И вдруг целая стая вражеских самолётов. «Ложись!» - 900 человек рухнуло, а враг поливает дождём огня. Вот возле меня погибли трое, вторично ранены человек пятьдесят. Крики, муки, - ужас! Дж, дж… - свистят бомбы. Я прячу голову в грязь, я жду. «Только бы не голову!» Потом вспоминаю: «А ноги? Как же я без ног?» Поджимаю ноги. И ничего, ничего в мире мне не нужно, кроме целой головы и здоровых ног. Но вот стихла бомбёжка. Поднимаюсь: на губах, в ушах, в глазах – липкая, тяжёлая грязь. Впереди ещё 110 километров пути, и тут слышу: вражеские самолёты заходят по второму разу… Вновь ад кромешный… Наконец, улетел фашист. Встаю, делаю перекличку своему увечному воинству. До ста погибших, множество тяжело раненых… а чуть в стороне, на краю воронки, - Василий… Вася мой, без обеих ног, растерзан живот, вместо кишечника – кровавое месиво…

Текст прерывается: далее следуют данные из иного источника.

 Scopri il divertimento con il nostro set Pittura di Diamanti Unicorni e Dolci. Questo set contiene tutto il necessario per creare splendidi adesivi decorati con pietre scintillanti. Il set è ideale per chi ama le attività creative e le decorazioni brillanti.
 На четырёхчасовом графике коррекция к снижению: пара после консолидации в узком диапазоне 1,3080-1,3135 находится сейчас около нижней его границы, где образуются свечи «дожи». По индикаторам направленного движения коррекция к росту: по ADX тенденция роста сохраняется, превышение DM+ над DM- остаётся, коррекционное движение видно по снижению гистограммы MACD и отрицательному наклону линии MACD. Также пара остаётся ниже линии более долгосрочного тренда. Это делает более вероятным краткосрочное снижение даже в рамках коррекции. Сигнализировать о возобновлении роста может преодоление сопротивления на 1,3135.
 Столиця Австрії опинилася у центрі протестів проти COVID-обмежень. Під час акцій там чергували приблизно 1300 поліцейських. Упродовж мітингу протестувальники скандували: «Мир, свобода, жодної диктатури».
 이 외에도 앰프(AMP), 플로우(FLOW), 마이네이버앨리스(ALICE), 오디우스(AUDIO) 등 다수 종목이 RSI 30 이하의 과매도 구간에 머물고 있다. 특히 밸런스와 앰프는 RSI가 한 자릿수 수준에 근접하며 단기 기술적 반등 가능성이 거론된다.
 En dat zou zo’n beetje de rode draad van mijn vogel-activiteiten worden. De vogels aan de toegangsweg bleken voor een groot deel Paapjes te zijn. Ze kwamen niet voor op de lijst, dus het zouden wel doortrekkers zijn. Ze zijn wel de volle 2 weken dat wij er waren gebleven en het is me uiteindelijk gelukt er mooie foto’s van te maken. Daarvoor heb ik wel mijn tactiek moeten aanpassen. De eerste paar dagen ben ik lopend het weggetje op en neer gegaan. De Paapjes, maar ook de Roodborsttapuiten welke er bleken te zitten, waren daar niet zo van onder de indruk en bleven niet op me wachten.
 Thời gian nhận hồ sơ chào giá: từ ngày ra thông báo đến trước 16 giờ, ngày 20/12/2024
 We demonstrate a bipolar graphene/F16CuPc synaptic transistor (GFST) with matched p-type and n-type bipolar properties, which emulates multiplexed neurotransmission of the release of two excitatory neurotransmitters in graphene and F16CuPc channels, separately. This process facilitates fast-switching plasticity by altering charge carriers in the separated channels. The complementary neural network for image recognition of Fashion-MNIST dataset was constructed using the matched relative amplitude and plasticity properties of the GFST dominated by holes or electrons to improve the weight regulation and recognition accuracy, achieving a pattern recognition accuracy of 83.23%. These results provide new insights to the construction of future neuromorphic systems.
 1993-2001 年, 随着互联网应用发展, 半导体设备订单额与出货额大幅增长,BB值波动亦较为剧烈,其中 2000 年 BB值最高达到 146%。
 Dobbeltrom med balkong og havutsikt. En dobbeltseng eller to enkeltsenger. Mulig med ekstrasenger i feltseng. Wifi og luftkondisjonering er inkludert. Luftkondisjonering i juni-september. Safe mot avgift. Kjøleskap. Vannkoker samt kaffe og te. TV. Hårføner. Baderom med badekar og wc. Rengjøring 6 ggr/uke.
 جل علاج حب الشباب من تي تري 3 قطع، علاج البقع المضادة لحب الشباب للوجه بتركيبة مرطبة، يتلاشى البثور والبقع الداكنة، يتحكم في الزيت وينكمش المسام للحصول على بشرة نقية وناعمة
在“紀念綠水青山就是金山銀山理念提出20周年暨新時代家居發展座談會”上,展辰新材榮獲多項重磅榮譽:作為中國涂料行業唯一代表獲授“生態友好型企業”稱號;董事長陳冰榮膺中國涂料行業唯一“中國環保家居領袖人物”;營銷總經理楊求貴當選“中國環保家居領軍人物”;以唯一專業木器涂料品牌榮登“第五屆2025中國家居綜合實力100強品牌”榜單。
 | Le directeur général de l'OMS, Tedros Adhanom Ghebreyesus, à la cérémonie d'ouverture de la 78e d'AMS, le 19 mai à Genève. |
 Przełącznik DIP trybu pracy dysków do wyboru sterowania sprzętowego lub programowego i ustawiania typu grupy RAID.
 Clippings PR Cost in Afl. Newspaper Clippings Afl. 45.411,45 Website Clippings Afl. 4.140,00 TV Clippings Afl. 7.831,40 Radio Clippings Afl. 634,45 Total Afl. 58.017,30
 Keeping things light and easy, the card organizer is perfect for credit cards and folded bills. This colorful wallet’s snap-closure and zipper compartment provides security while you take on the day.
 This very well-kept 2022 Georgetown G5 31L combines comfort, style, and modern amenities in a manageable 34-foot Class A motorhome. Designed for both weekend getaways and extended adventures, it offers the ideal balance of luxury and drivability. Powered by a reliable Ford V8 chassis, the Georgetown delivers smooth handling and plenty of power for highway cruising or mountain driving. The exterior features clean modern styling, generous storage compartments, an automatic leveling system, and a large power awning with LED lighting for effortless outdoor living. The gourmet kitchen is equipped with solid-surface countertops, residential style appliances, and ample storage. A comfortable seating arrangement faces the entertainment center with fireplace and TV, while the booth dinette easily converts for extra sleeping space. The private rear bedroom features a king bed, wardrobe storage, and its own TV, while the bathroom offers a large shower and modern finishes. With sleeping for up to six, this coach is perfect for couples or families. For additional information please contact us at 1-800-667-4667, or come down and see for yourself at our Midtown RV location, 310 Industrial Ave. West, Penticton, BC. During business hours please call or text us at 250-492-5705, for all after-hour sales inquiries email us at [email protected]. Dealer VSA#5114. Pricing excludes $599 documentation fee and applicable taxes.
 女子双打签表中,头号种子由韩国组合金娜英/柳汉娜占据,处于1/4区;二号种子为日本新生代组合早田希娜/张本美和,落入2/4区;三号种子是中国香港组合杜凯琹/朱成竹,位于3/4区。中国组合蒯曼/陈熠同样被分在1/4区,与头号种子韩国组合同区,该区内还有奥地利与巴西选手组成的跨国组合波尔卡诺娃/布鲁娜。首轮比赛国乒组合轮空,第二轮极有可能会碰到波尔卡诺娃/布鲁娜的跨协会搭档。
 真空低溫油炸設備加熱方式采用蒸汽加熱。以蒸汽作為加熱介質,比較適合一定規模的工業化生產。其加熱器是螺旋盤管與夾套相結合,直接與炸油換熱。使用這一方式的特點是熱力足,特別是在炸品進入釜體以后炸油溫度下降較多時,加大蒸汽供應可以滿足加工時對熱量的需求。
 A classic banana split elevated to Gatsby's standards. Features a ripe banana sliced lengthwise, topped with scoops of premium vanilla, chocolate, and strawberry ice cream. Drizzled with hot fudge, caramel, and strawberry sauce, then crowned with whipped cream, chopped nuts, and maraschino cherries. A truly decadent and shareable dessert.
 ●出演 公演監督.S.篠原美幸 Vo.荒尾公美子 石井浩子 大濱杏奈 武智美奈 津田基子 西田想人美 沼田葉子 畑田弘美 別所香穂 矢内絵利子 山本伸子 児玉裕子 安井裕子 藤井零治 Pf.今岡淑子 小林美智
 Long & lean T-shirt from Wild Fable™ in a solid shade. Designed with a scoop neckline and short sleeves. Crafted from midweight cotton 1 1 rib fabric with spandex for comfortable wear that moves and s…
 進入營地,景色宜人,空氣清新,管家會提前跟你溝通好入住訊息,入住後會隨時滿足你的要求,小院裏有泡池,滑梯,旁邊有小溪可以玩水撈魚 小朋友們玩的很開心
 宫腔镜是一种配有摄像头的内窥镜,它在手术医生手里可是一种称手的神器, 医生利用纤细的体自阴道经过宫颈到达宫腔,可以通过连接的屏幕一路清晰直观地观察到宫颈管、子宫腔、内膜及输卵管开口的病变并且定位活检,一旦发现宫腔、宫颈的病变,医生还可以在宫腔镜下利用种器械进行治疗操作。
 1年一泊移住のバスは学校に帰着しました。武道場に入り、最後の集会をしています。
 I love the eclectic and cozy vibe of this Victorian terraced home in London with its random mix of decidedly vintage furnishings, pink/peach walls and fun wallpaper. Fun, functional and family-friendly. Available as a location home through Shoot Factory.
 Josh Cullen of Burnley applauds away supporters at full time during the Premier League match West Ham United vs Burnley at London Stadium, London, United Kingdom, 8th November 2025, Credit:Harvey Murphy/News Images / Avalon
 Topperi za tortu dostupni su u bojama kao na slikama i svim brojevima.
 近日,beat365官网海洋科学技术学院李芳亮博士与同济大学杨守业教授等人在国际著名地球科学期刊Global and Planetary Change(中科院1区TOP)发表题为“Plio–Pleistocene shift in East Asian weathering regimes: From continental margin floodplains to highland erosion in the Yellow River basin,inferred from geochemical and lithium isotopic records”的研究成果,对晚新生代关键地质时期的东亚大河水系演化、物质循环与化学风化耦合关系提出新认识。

Как довёл я их тогда до Можайска – отдельный рассказ. Лишь в 47-м удалось выбраться в Ставрополь, к Васиной вдове. Начал было понемногу помогать им с сынишкой… Но сейчас о другом. Гуляем мы с Эзрой по бесконечным нашим, дымным пространствам и натыкаемся – на кого бы вы думали? На Ваську Башкирцева, собственной персоной! Целёхонького, невредимого и даже довольно-таки жизнерадостного, если уместно здесь это слово. В новеньком, с иголочки штатском костюме-тройке, при галстуке и в лакированных штиблетах. Бросились друг к другу, обнялись… я, чего греха таить, прослезился…

Теперь задумываюсь иногда: а не ради таких ли вот, душу раздирающих встреч всё оно тут и затеяно?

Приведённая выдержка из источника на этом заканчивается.